The Ruination of Lebanon

In the shadow of the widening US-Israeli war with Iran, the ruination of Lebanon, the latest and most devastating blow on an already fractured country.

Israel resumed large-scale military operations in Lebanon on 2 March 2026. Its stated target is Hezbollah. Its trigger: rockets fired into Israel by Hezbollah following the killing one week earlier of Iran’s  Supreme Leader, Ayatollah Ali Khamenei, declared as Hezbollah’s red line. Israel’s goal, already revised, began as the eradication of any possible threat to it for the foreseeable future, from Hezbollah and its sympathizers. Its impact is the obliteration of everything that makes life possible at least south of the Litani River, the deepening of the country’s political crisis, a humanitarian crisis of unprecedented proportions, and a possible death rattle for the state.

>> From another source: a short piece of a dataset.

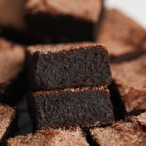 Easily the best brownie I’ve ever had. I used dark brown sugar and an 8×10 pan for 28 mins because its what I had, and they were still perfect. Definitely let them set completely before trying and dont skip the cinnamon sugar topping!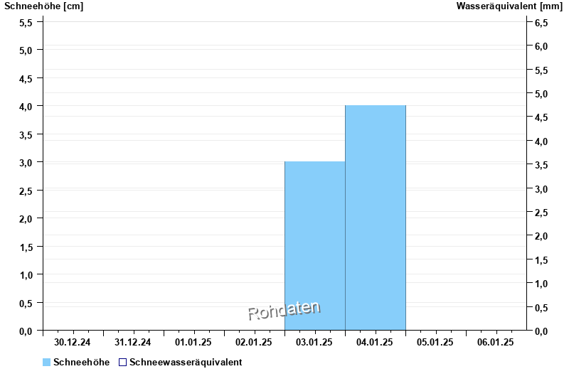 | Date | Snowfall level [cm] | Water equivalent [mm] |

in the last month, Israel has killed more than 1,300 people including, according to UNICEF. 10 children a day. Perhaps worse than the toll itself is the logic behind the assault, which appears intended to prohibit any chance of peace – except a Carthaginian peace at Israel’s diktat.

The country of Lebanon is in the eye of three convergent storms. It’s the epicenter of World War X and an exemplar of its most terrifying logics taken to an extreme.

The first storm has been there for decades: a formalized, entrenched version of a political marketplace. Lebanon’s constitutional system distributes the rents of the state by confessional franchise. It’s a hard system to manage: it can only deliver peace if the distribution is both generous and seen to be fair. It became unmanageable as public revenue collapsed while monetized political competition intensified. The second storm is Lebanon’s entanglement in a regionalized proxy war in which Iran, Saudi Arabia and Syria, as well as Israel treat Lebanon’s sectarian formations as instruments of their own strategic competition. Third is Israel’s totalizing counterinsurgency – the Gaza doctrine.

Lebanon’s confessional order — formalized in the 1943 National Pact, adjusted at Ta’if in 1989 — allocates state rents to the patronage networks of each community’s za’im, its political boss. Most political marketplaces are informal; in Lebanon it is in the constitution itself. The Lebanese state was never a public institution corrupted by private interests – it was from the outset a structure for factional interests to collude in running a public institution as their joint extraction mechanism. The warlords of the 1975–90 civil war graduated into cabinet ministers; checkpoint bandits became crony capitalists. The Assad regime in Syria then imposed itself as the apex patron — taxing the political brokers, selecting the winners, extracting a cut from every deal — until its forced withdrawal in 2005 removed the boss without replacing the system.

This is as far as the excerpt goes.